If it only was so simple! Let’s see what happens if we treat our
parser with another, rather obvious or common mistake: Forgetting
the closing tag (or, what leads to a similar confusion of the parser,
omitting the closing slash / in an empty tag):
>>> xmldoc = '''
... <doc>
... <title>Heading <wrong></title>
... </doc>'''
>>> result = parseXML(xmldoc)
>>> for e in result.errors_sorted: print(e)
3:26: Error (1010): 'ETag = `</` ::TagName "wrong" § `>`' expected by parser 'element', but »</title>\n<...« found instead!
4:1: Error (1010): 'ETag = `</` ::TagName "title" § `>`' expected by parser 'element', but »</doc>...« found instead!
4:7: Error (1010): 'ETag = `</` ::TagName "doc" § `>`' expected by parser 'element', but »...« found instead!
In this case the removal of the last value from the stack in the
@element_resume-rule results in a cascade of consecutive errors
(or “error-artifacts”), one for every outer closing tag.
Avoiding error-artifacts such as this is an art in itself and requires to look at the whole picture. As of now, there does not exist any comprehensive theory, how to do this.
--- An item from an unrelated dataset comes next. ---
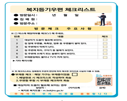 집배원은 우편 전달 시 해당 가구의 주변 환경 및 위기 징후 등을 파악하기 위해 '도움이 필요해 보인다,' '집 앞에 우편물, 독촉장, 압류 등 우편물이 쌓여있다', '술병이 많이 쌓여 있다', '집 주변에서 좋지 않은 냄새가 난다' 등 대상자의 생활실태를 실질적으로 파악할 수 있는 내용의 체크리스트를 작성한다.

A good starting point might be to take a look at the errors, users of the domain specific language make most frequently, as well as on those error messages that confuse them most. (Bug-reports, help-desk questions or tele-metric data might yield the required empirical information for this approach.)
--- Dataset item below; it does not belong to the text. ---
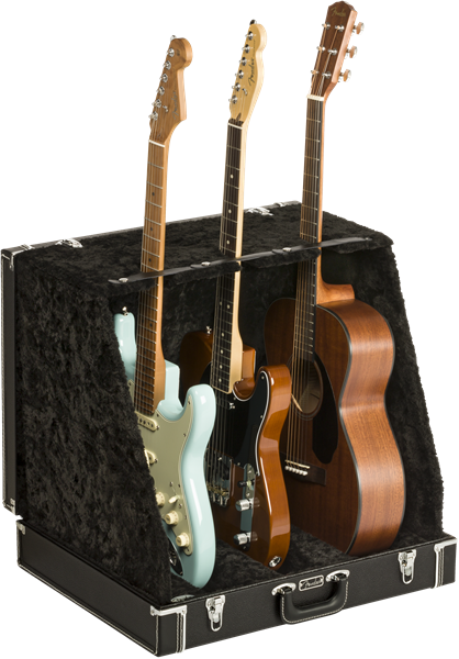 - Stojaki Fender Instrument Stand to świetny sposób na trzymanie i ochronę wielu instrumentów. Ten stojak wygląda jak tradycyjna walizka, ale łatwo zamienia się w gitarowy stojak na gitarze. Wykonana z materiałów odpornych na uderzenia, ta 3-warstwowa, hardshellowa drewniana skrzynia ma owinięty winylem stalowy uchwyt do przenoszenia i stalowe zatrzaski. Miękka, akrylowa podszewka wewnętrzna sprawia, że gitary pozostają nie zadrapane i nieuszkodzone.

A more robust rule-set for our mini-XML-grammar might be:
>>> miniXML = '''
... @ whitespace = /\s*/
... @ disposable = EOF
... @ drop = EOF, whitespace, strings
...
... document = ~ element ~ §EOF
... @element_resume = (:?TagName (&('</' :TagName '>') | '</' /\w+/ '>'))
... element = STag §content ETag
... STag = '<' TagName §'>'
... ETag = '</' ::TagName §'>'
... TagName = /\w+/
... content = [CharData] { (element | COMMENT__) [CharData] }
...
... CharData = /(?:(?!\]\]>)[^<&])+/
... EOF = !/./ # no more characters ahead, end of file reached
... '''
>>> parseXML = create_parser(miniXML)
>>> result = parseXML(xmldoc)
>>> for e in result.errors_sorted: print(e)
3:26: Error (1010): 'ETag = `</` ::TagName "wrong" § `>`' expected by parser 'element', but »</title>\n<...« found instead!
This rule has been designed to cover both of the previous cases. However, if we combine both errors, its limitations begin to show:
>>> xmldoc = '''
... <doc>
... <title>Heading<wrong></litle>
... A few lines of Text
... </doc>'''
>>> result = parseXML(xmldoc)
>>> for e in result.errors_sorted: print(e)
3:26: Error (1010): 'ETag = `</` ::TagName "wrong" § `>`' expected by parser 'element', but »</litle>\n ...« found instead!
5:1: Error (1010): 'ETag = `</` ::TagName "title" § `>`' expected by parser 'element', but »</doc>...« found instead!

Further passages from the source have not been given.